The trouble is that there is not enough “why not?” about recruiting people to arts boards who happen to be disabled. Too often disabled members of the public interested in the arts do not think of applying when board vacances come up because they assume their disability will discount them. And too often disabled board members are still appointed as a token, with chairmen expecting little more from them other than to speak for the disabled community.
Shakespeare himself was determined to make changes when as a young academic at Sunderland University he started the Northern Disability Arts Forum in 1992 (and four years later he published The Sexual Politics of Disability).
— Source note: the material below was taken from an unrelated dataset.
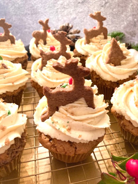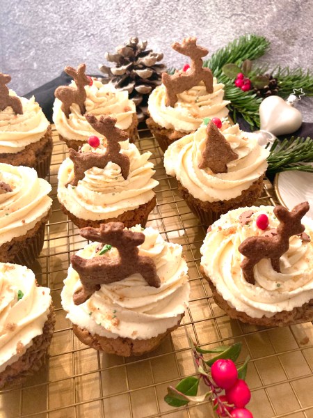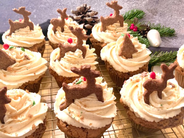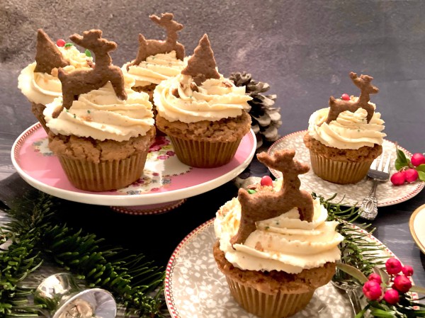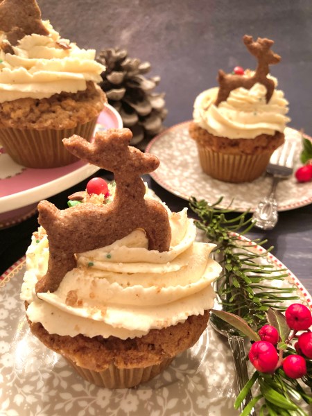 Bei mir gibt es Spekulatius-Cupcakes. Cupcakes machen wenig aufwand, haben aber immer eine große Wirkung. Wer keine Spekulatius hat, kann auch Lebkuchen, Zimtsterne oder Vanillekipferl nehmen, dann würde ich das Spekulatius-Gewürz im Rezept aber entsprechend anpassen, also Lebkuchengewürz, Zimt oder Vanille.

He was gradually invited onto other arts boards, from 2003 to 2008 was a member of the Arts Council and has become a frequent broadcaster. He is particularly proud of the painter Colin Cameron, crippled as a child, who never studied art but painted all his life and was encouraged by the forum, and who has a picture in the Royal Academy’s current Summer Exhibition as well as being a senior lecturer in disability studies at Northumbria University. “He’s been painting for 30 years and at last he can get his art exhibited in the highest places” Shakespeare says. “I’m so proud of him”.
Shakespeare used to be asked to join boards because he was a specialist in disability, he says. “Now I’m invited because I have a broad understanding of the arts, I’ve been invited onto boards of orchestras, opera companies, dance companies and so forth, because I have a lay interest.
“I also know how to read balance sheets, how to develop audiences, what we should be thinking of in terms of appointing a new artistic director, so not just disability.”
Disabled people can step forward to help: “Bring it to the table, have that conversation, don’t ghettoise it” he says. “Bring ideas – what about performances at different times of day, what about autistic people, what about children in opera, what about signage performances?” he says. People need to know that this company is for them and takes them seriously, and know that they will be expected to serve in a full capacity and not just sit in a corner waiting to be asked about disability matters.
But the onus is on companies to start the process, reaching out to the disabled community – disabled people tend to be older, poorer and more marginalised – by getting them to volunteer or through internship programmes. It’s simple cultural democracy in which the arts are a nationally owned asset in which we all have a stake, and don't forget 15% of the population is disabled. “When we’re trying to recruit from the more socially disadvantaged we know we’ve got to go the extra mile, demonstrate that it’s for them, for everybody - growing and supporting individuals but also showing we’re removing barriers and that we’re genuinely interested in them” he says.
“I want to help, and I think lots of disabled people do.”